*Work required:*
Output, exactly and with no pictures, the line that contains "Office supplies. Approximately" and every line that comes after it in the data below, the last one included.

[Dataset items]
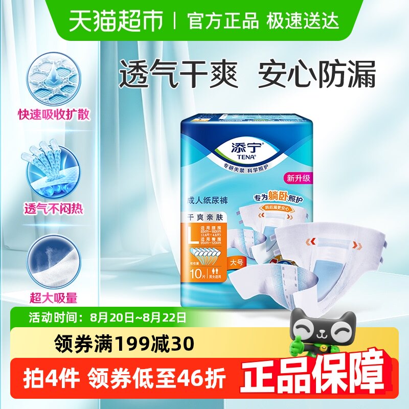 TENA/添宁 Подгузники для взрослых L размер пожилой подгузники для мужчин и женщин, сухой и удобной для поставленных брюк для доставки.
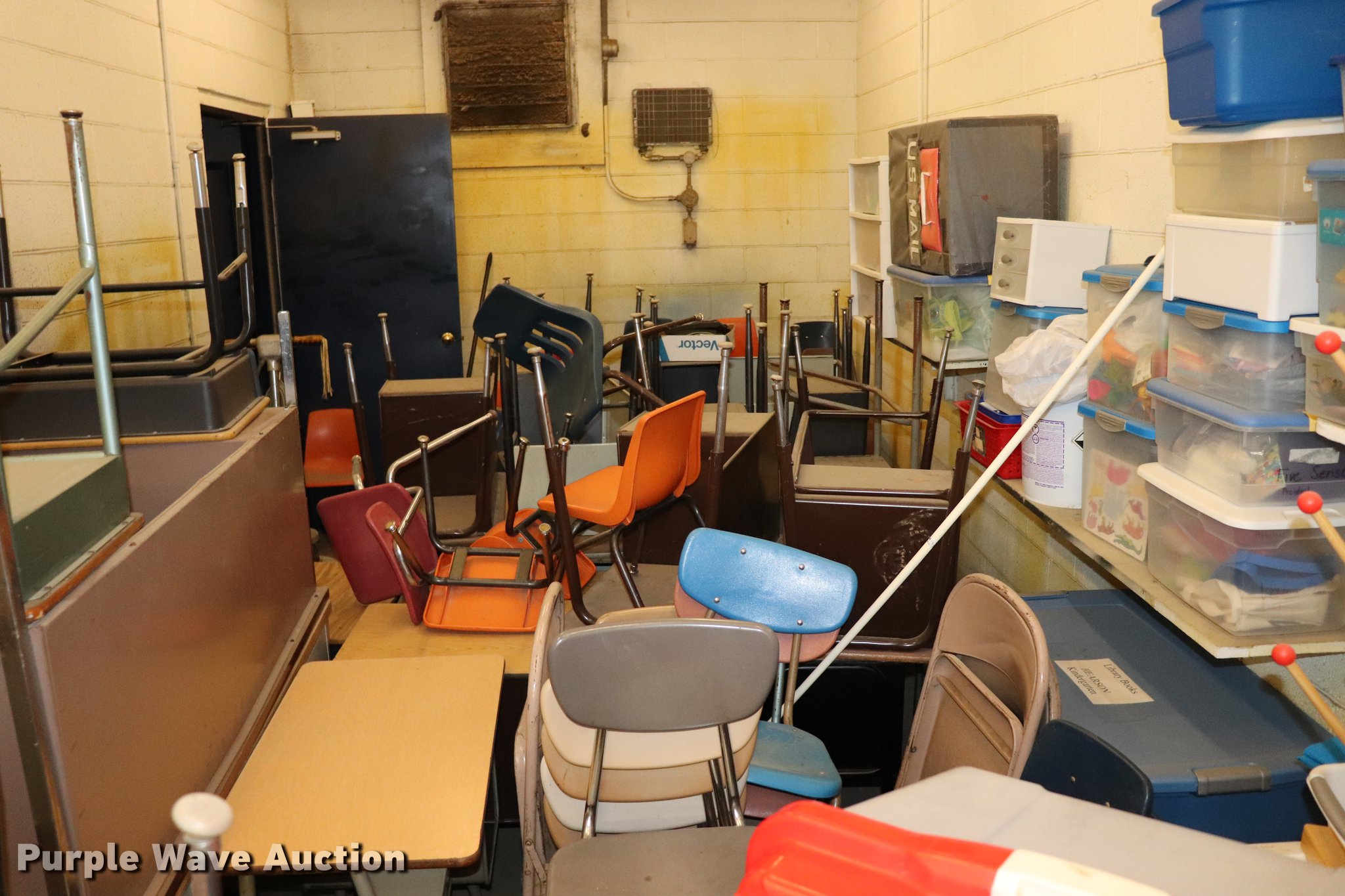Office supplies. Approximately 65 desks, Booth, Coat storage, Chairs, Computer carts, Approximately 6 smart boards, Approximately 5 file cabinets, 60" diameter tables 29"H, Metal doors and frames. USD 101. 410 W 3rd St. Erie, KS 66733
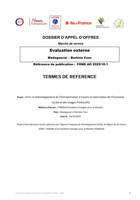 Grâce aux projets RESOUTH (2009-2011) et BOREALE (2013-2017) dans le sud de Madagascar (régions d'Androy et d'Anosy), 8 localités rurales bénéficient aujourd'hui d'un service d'électricité de qualité, basé sur les énergies renouvelables et géré par des opérateurs locaux. De même, le projet ENVOL a permis à 2 autres localités d'accéder à l'électricité fin 2020.
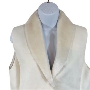 Vintage Lauren Ralph Lauren Vegan Suede Vest Petite S Cream Faux Fur Collar
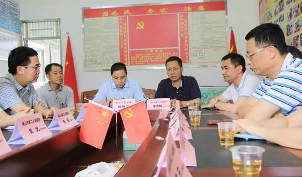 在古罗村委会,李书记一行在与千官镇委书记赖献辉、镇人大主席梁金华及村干部召开座谈会,驻村干部罗烁潘汇报了近期扶贫工作开展情况及古罗村被纳入全省2277条新农村示范村建设之一规划及下一步的计划。

*Finished exercise:*
Office supplies. Approximately 65 desks, Booth, Coat storage, Chairs, Computer carts, Approximately 6 smart boards, Approximately 5 file cabinets, 60" diameter tables 29"H, Metal doors and frames. USD 101. 410 W 3rd St. Erie, KS 66733
 Grâce aux projets RESOUTH (2009-2011) et BOREALE (2013-2017) dans le sud de Madagascar (régions d'Androy et d'Anosy), 8 localités rurales bénéficient aujourd'hui d'un service d'électricité de qualité, basé sur les énergies renouvelables et géré par des opérateurs locaux. De même, le projet ENVOL a permis à 2 autres localités d'accéder à l'électricité fin 2020.
 Vintage Lauren Ralph Lauren Vegan Suede Vest Petite S Cream Faux Fur Collar
 在古罗村委会,李书记一行在与千官镇委书记赖献辉、镇人大主席梁金华及村干部召开座谈会,驻村干部罗烁潘汇报了近期扶贫工作开展情况及古罗村被纳入全省2277条新农村示范村建设之一规划及下一步的计划。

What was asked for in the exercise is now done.